Wednesday, November 28, 2007

Goodnight, Mr Bean

It's not often you get to see a government disintegrate before your very eyes, but it's happening now all right. To seek some parallels and also for a wee bit of light relief, I went trawling through the Hansard archives to find the debate which took place on 9th June 1993.

That was the day Norman Lamont resigned as Chancellor of the Exchequer, accusing John Major's Conservative government of being 'in office, but not in power'. Later in the day, Labour leader John Smith opened an Opposition Day debate which excoriated the Major government.

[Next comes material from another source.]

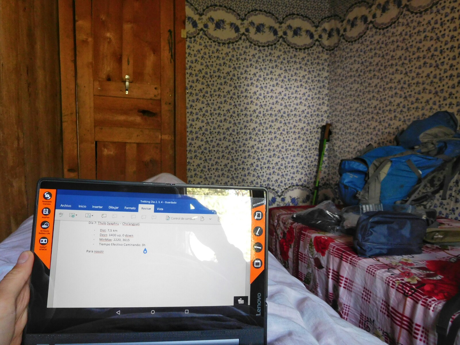 Nos levantamos a la hora habitual. La cama del Hotel Norling fue sin duda la más cómoda que tuve hasta la fecha, ¡con un colchón de verdad! Las vistas desde mi ventana no podían ser mejores con una espectacular panorámica de Ganesh Himal.

Listing the government's failures, Smith opined that 'if we were to offer that tale of events to the BBC light entertainment department as a script for a programme, I think that the producers of "Yes, Minister" would have turned it down as hopelessly over the top. It might have even been too much for "Some Mothers Do 'Ave Them".

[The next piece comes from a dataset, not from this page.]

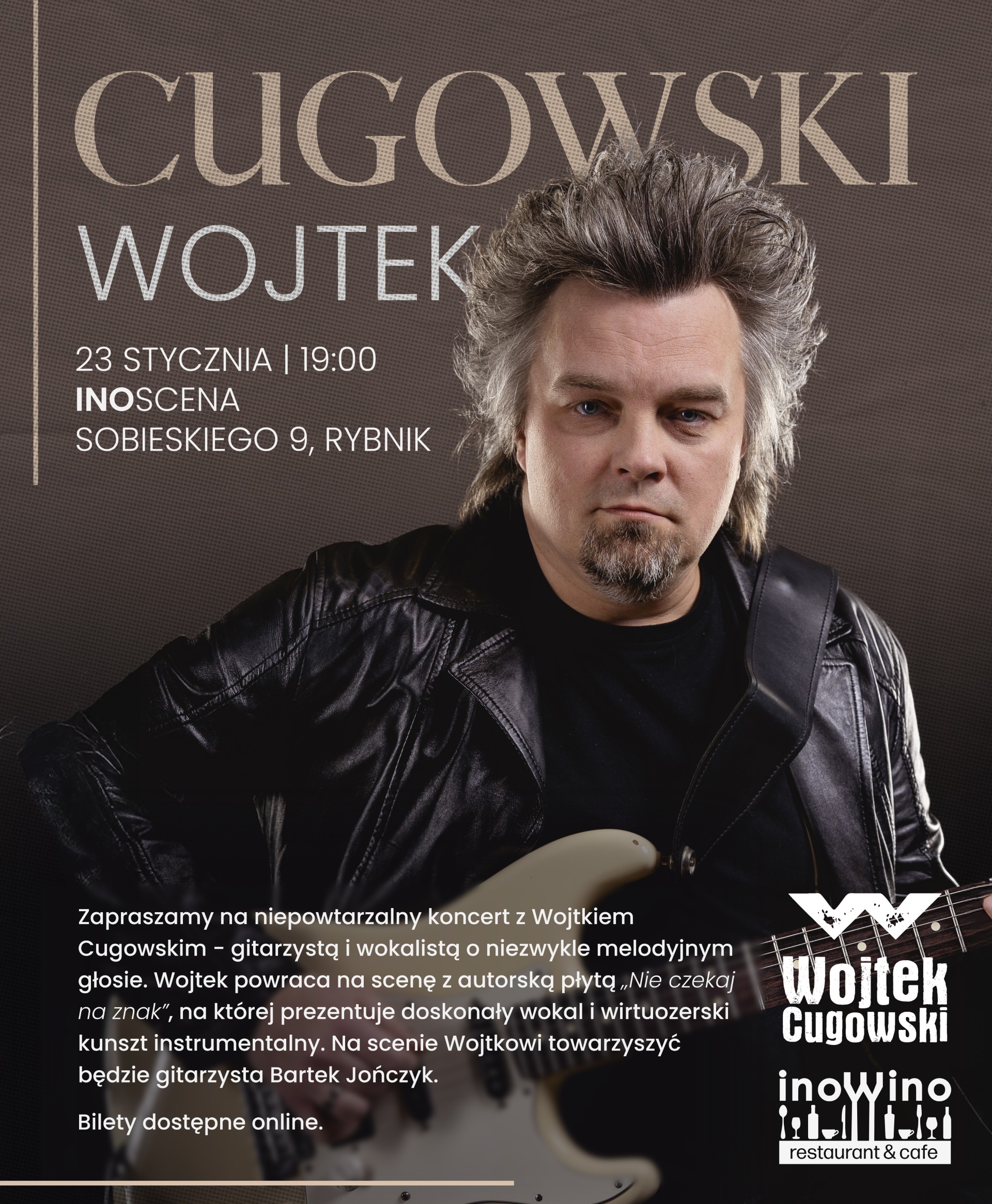Zapraszamy na niepowtarzalny koncert z Wojtkiem Cugowskim - gitarzystą i wokalistą o niezwykle melodyjnym głosie. Wojtek powraca na scenę z autorską płytą „Nie czekaj na znak”, na której prezentuje doskonały wokal i wirtuozerski kunszt instrumentalny. W programie koncertu materiał autorski z rzeczonej płyty, jak również utwory z repertuaru

John Major as the Frank Spencer of British Politics? Cruel, maybe, but it stuck, and more importantly, set the tone for the remainder of his bedraggled, wretched, unlamented premiership. The question is, did Gordon Brown have his 'Frank Spencer' moment today at Prime Minister's Questions?

David Cameron's demolition was workmanlike and withering. "Aren't people rightly asking now, is this man simply not cut out for the job?", he asked. But while that might have been what everyone was thinking, it took the unlikely figure of Lib Dem stand-in Vince Cable to crystalise the image of Brown's bumbling inadequacy, when he noted "the Prime Minister's remarkable transformation in the last few weeks from Stalin to Mr Bean, creating chaos out of order rather than order out of chaos."

It's one thing to be criticised and heckled by your opponents - indeed, it's par for the course. When they all start laughing at you like that, though, you really are finished.